__Provided data__.
==================================================

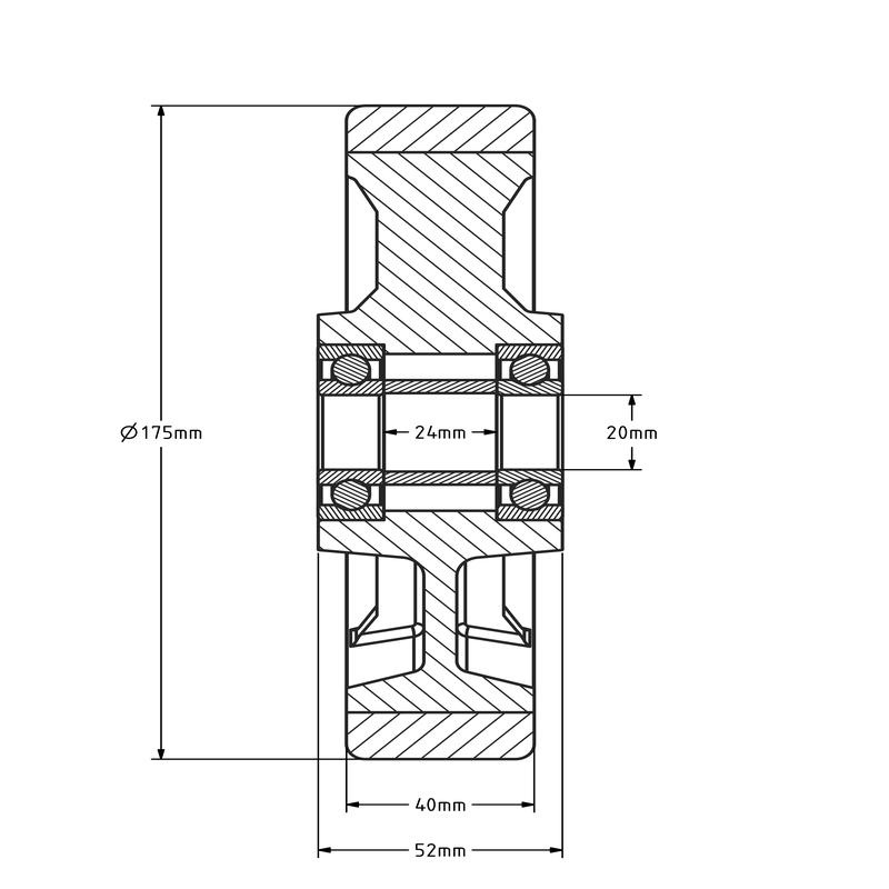 PU wiel 175 mm met kogellager asgat 20 mm - 650 kg
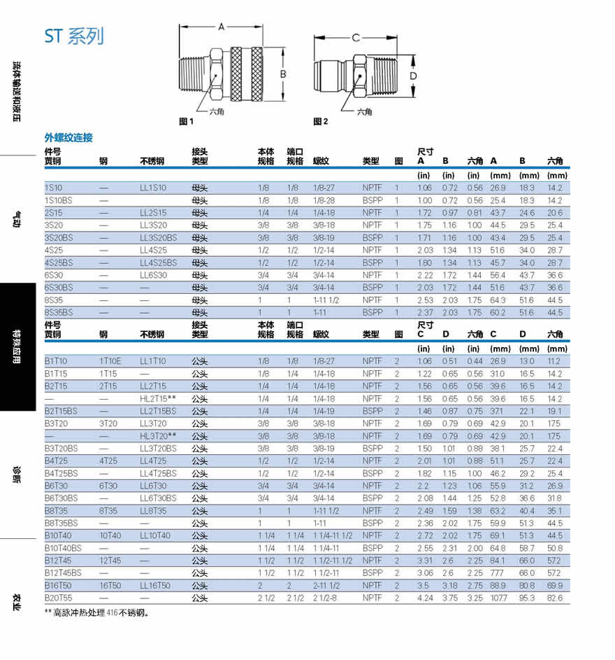 - 主體尺寸1/4''和3/8''的接頭可選高強度熱處理416不銹鋼公頭
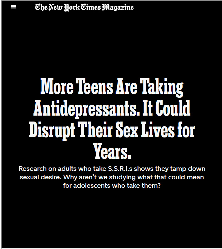 Den stora upplysande nya artikeln om saken More Teens Are Taking Antidepressants. It Could Disrupt Their Sex Lives for Years, från New York Times Magazine, har säkert nått Läkemedelsverket. (6)
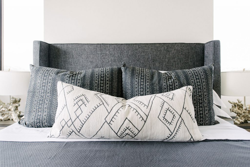 In modern design you still have room to play with color and texture, while still keeping it minimal and contemporary. By only using 4-5 pillows total on your bed, you’ll be able to add interest while keeping within your style. Remember these tips to keep it easy 1) You can use odd numbers or even, it just depends on how minimal you’d like to be or how much you’d like to add to achieve your look. Don’t be afraid to play and see what looks right! 2) Change up textures to keep it interesting. Add a large print and a small print or plain with texture. Just keep it varied and you will be happy with the outcome. 3) Think about the filling. For a more luxe feel and the ability to do the “karate chop” pillow look keep it to down or faux down. For more structure and support go for the regular fill.

==================================================

__Activity__. The answer should contain nothing but the lines from the top of the data above through the line containing "Den stora upplysande", copied exactly, with no images.

__Output for this exercise__.
 PU wiel 175 mm met kogellager asgat 20 mm - 650 kg
 - 主體尺寸1/4''和3/8''的接頭可選高強度熱處理416不銹鋼公頭
 Den stora upplysande nya artikeln om saken More Teens Are Taking Antidepressants. It Could Disrupt Their Sex Lives for Years, från New York Times Magazine, har säkert nått Läkemedelsverket. (6)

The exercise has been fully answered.